Sea Quark and Gluon contributions to Strange Baryons and their Properties

TL;DR

This paper models low-lying baryons as quark-gluon ensembles, analyzing sea-quark and gluon contributions to properties like magnetic moments and decay constants, with a focus on strange quark effects.

Contribution

It introduces a statistical approach to quantify sea-quark and gluon contributions to baryon properties, emphasizing the role of strange quarks and gluons in low-energy phenomena.

Findings

Strange sea quarks influence baryon properties by about 46%.

The model predicts magnetic moments and decay ratios consistent with experimental data.

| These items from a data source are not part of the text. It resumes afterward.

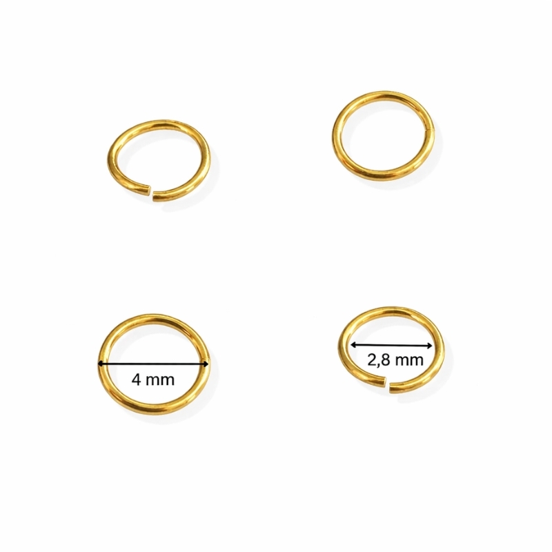 De små åbne øskner i forgyldt sterling sølv er en praktisk basisdel, som bruges til at forbinde dele i dine smykker – f.eks. låse, kæder, charms eller perler med øsken. De måler 4 mm udvendigt og 2,8 mm indvendigt, og tråden er 0,6 mm tyk, hvilket giver en fin balance mellem styrke og diskretion. De kan åbnes med en tang, og lukkes tæt igen, når du har samlet delene. Forgyldningen giver en varm guldfarve, som passer godt sammen med både andre forgyldte dele og ægte guldsmykker. Brug dem til halskæder, armbånd, øreringe eller hvor du har brug for at forbinde små dele på en pæn og enkel måde.
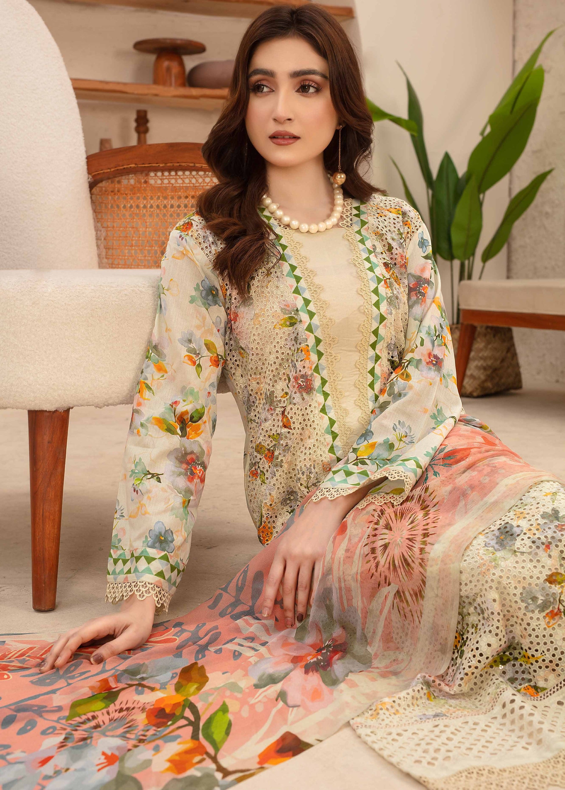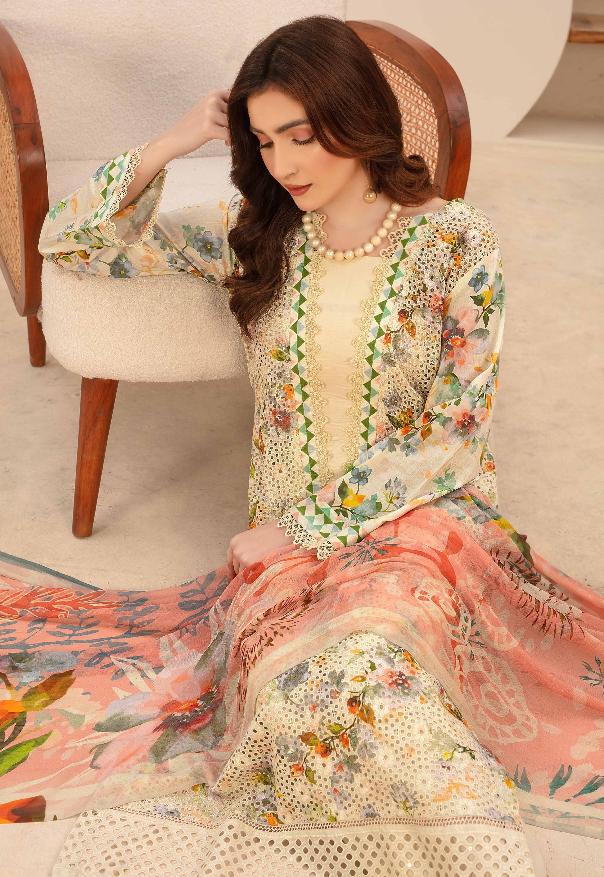 This unstitched 3-piece ensemble evokes nostalgia with rainbow-inspired motifs and iridescent hues that dance across the fabric — a celebration of art, culture, and expressive fashion at an accessible price.
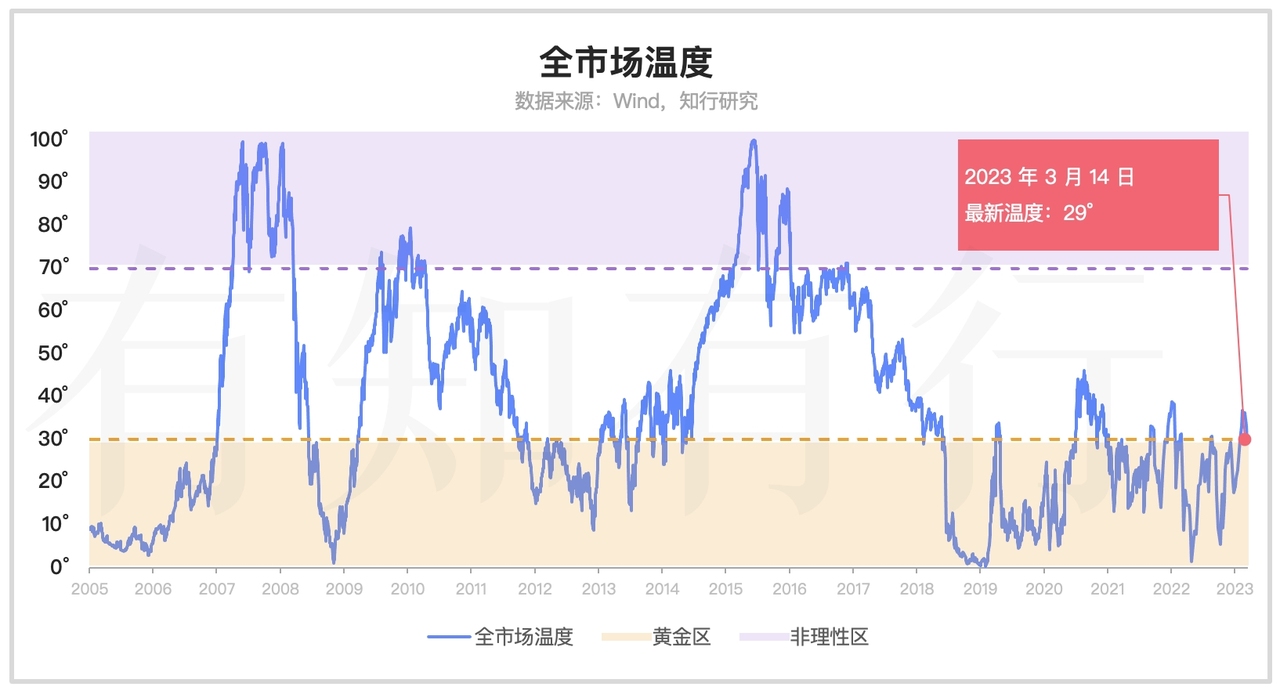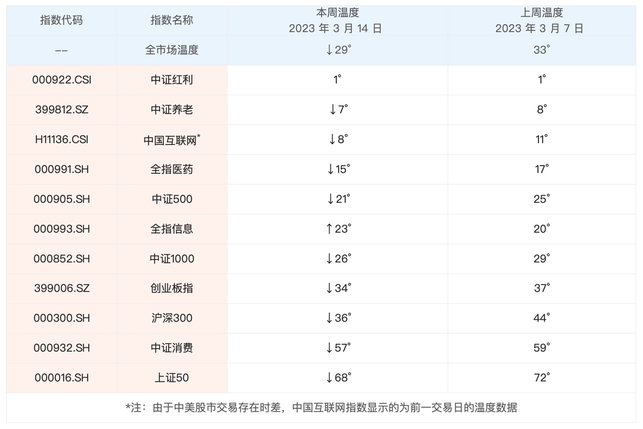 经过一周的市场调整,全市场温度来到了 29°,再次跌回了 30° 以下。具体指数温度方面,全指信息是唯一上涨的指数,上面说了通信、计算机、电子都是上涨的,全指信息上涨也是必然的。其它指数里,沪深300、创业板指温度下来得很快。创业板指今年的涨幅全部抹平,它的持仓里,电力设备及新能源占比最高,被拖累是必然的。
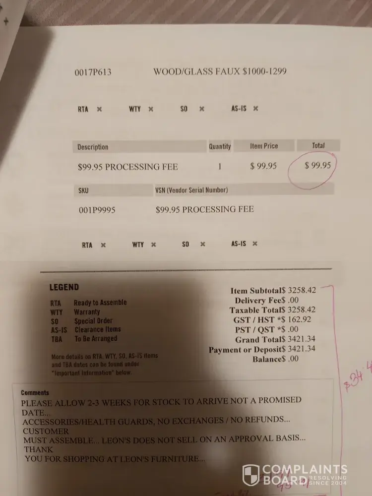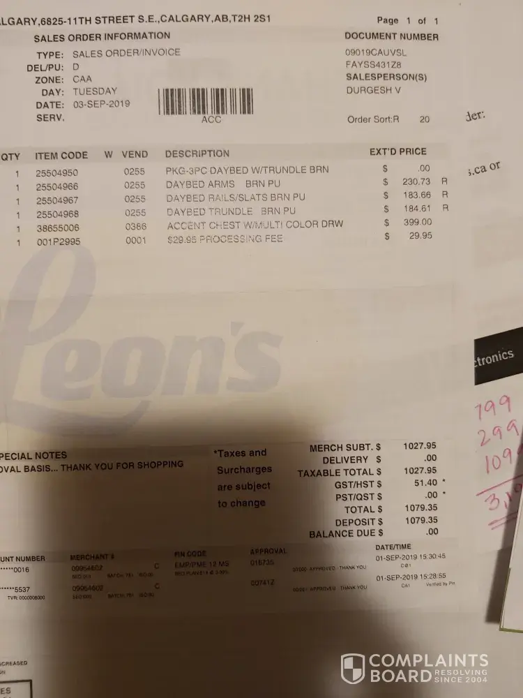 I brought couple of furniture for $3, 421 using the Leons Desjardins financing option as per sales person advised on July 07, 2017 order # 07079CAQSCP. It was a good choice for me to go for 36 months plan according to my family monthly expenses. Few days later I refund some of the items before it was scheduled to delivered. After a month later I again...
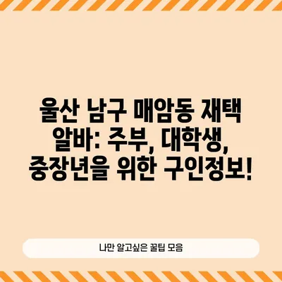 울산 남구 매암동 알바천국 홈페이지 일자리 주부 재택 부업 대학생 노인 중장년 청소년 구인구직 울산 남구 매암동의 다양한 구인구직 정보 …
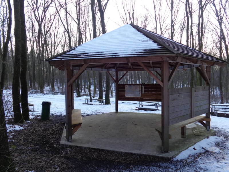 Bildeiche am Bisamberg 12. Februar 2019 Pavillon bei der Bildeiche am Bisamberg. Die ursprüngliche alte Bildeiche wurde in den letzten Jahren durch eine neue ersetzt.
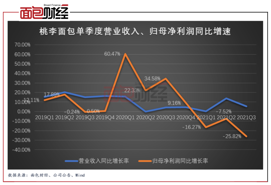圖3:2019Q1至2021Q3桃李面包單季度營業(yè)收入、歸母凈利潤同比增速
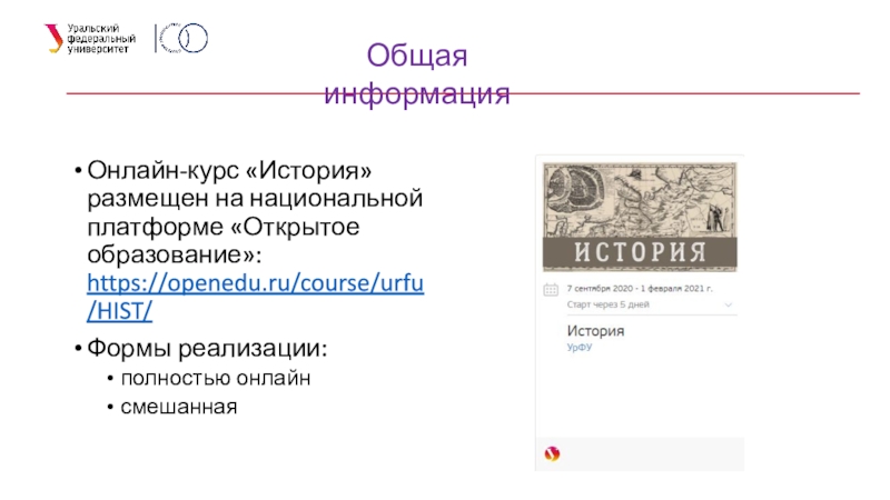 Онлайн-курс «История» размещен на национальной платформе «Открытое образование»: https://openedu.ru/course/urfu/HIST/Формы реализации:полностью онлайнсмешаннаяОбщая информация
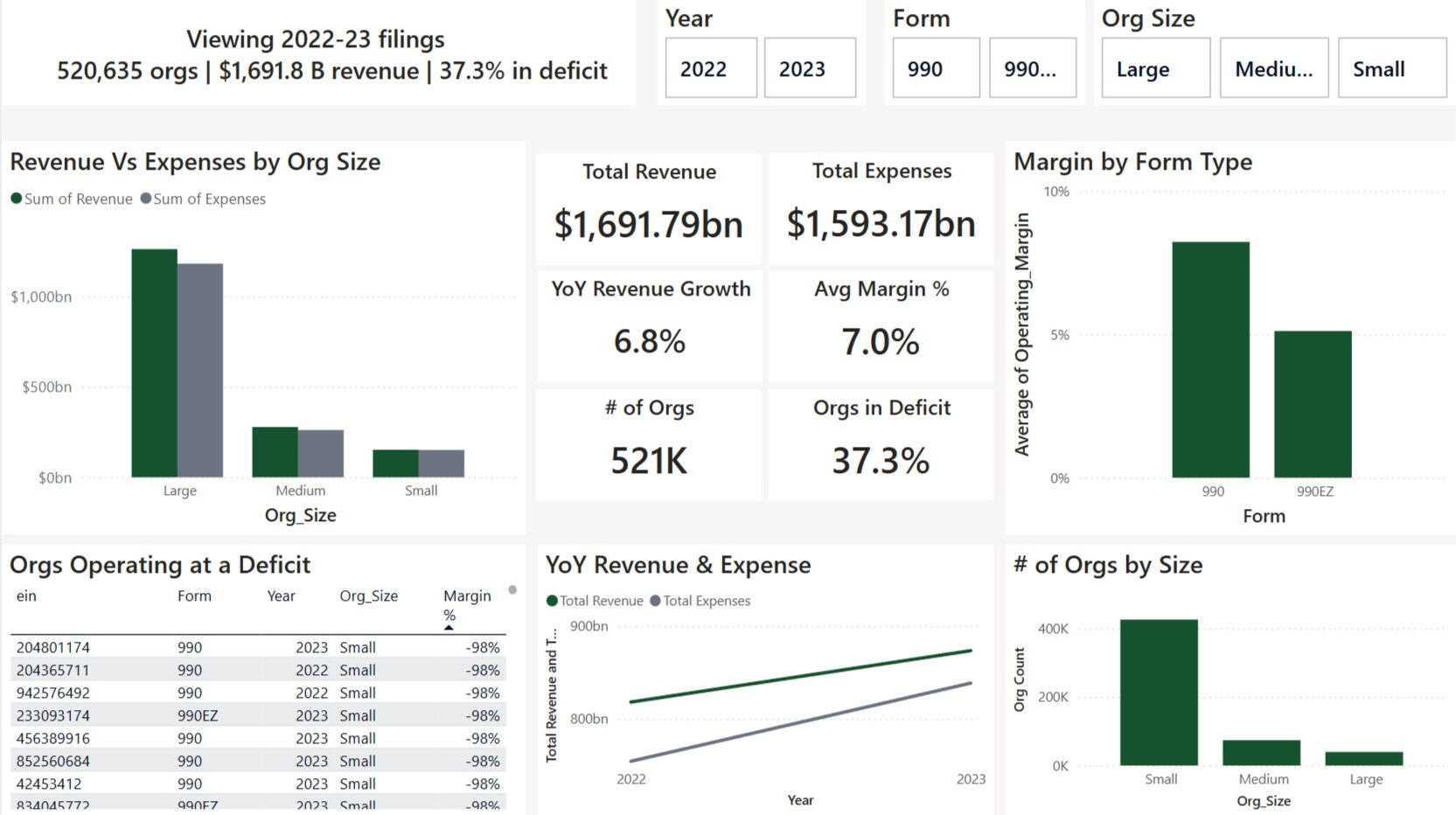 IRS bulk files list every Form 990 and 990-EZ return, but they arrive as enormous spreadsheets. Hundreds of fields, hundreds of thousands of rows, and little context. I distilled them into a one-page Power BI report that shows revenue trends, deficit risk, and outliers in seconds.
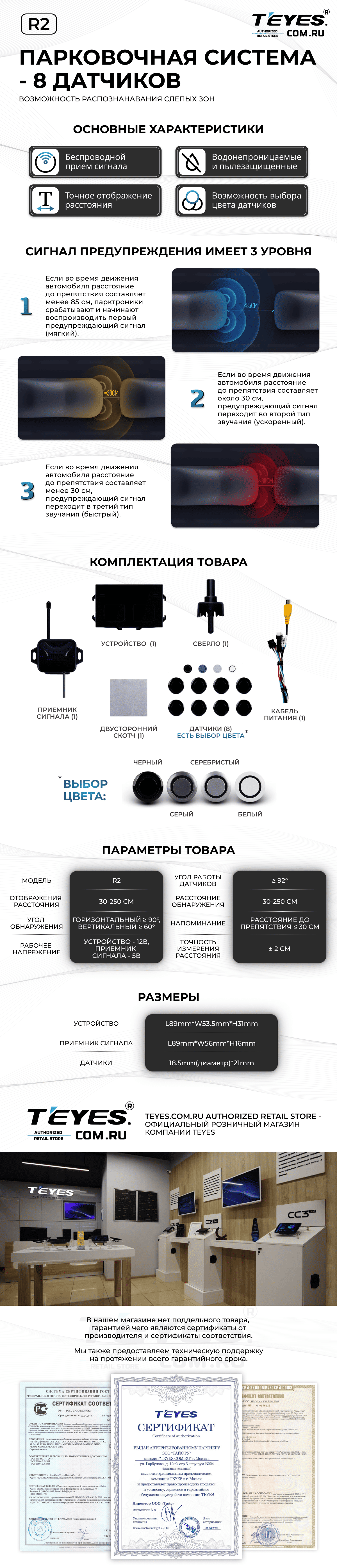 Передние и задние парктроники Teyes R2 для CC4 Pro / CC4 / CC4L / CC3 2K / CC3 / CC3L / CC2 Plus / SPRO Plus / TPRO2 / LUX ONE (Белые) 8-датчиков - купить всего за 19 900 руб. в интернет-магазине в Орле Teyes.com.ru. ✓ Самый лучший выбор мультимедиа ✓ Лучшая замена штатному ГУ ✓ Тел. +7 (800) 775-31-74
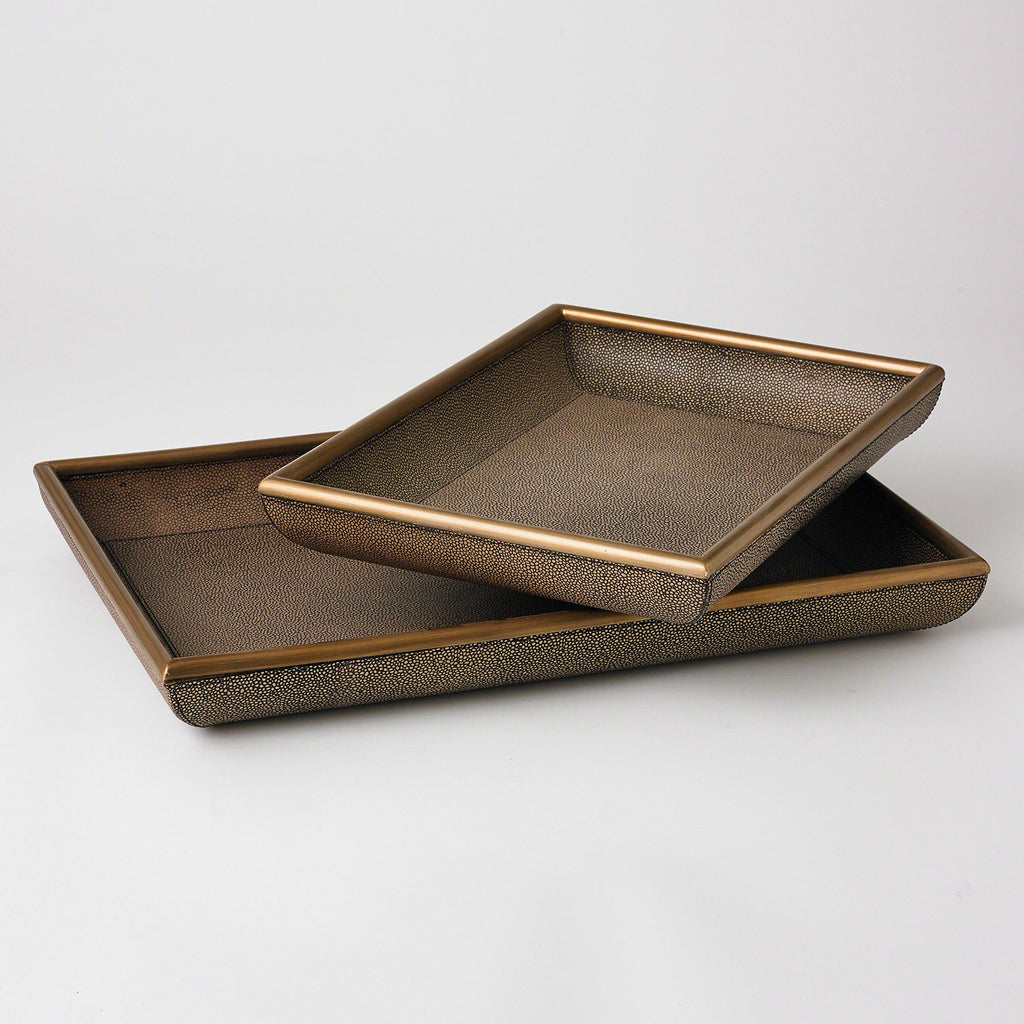 The Studio A Churchill tray is a faux Shagreen Leather Trays with Wood trim. Available in two sizes.
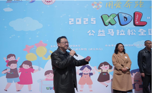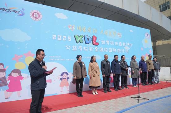学院党委书记李强宣布“高原雪豹 爱心联跑”——2025KDL“世界孤独症意识日”公益马拉松全国校园联跑青海站活动正式开幕,并为活动鸣枪开赛。

Strange quark-gluon sea significantly affects baryon structure understanding.

Abstract

We treat the hadrons as an ensemble of quark-gluon Fock states where contributions from sea-quarks and gluons can be studied in detail for the properties of low lying baryons. Statistical model is applied to calculate individual probabilities from various scalar, vector and tensor sea components in flavor, spin and color subspaces for each quark-gluon Fock state. The mass of strange quark is imposed in terms of constraints to the availability of strange quarks in the sea and free energy of gluons in conformity with experimental indications. We calculate multiplicities for different sets of Fock states to compute the role of strange sea for cascade doublet {\Xi}+, and {\Xi}-.The low energy properties like magnetic moment, weak decay matrix elements and axial coupling constant ratios have been studied. The incorporation of strange quark gluon sea is discussed and they found to affect the results by almost 46% . The results provide deeper understanding for baryon structure thereby motivating experiments for further inspection, especially the spin distribution among the quarks and gluons.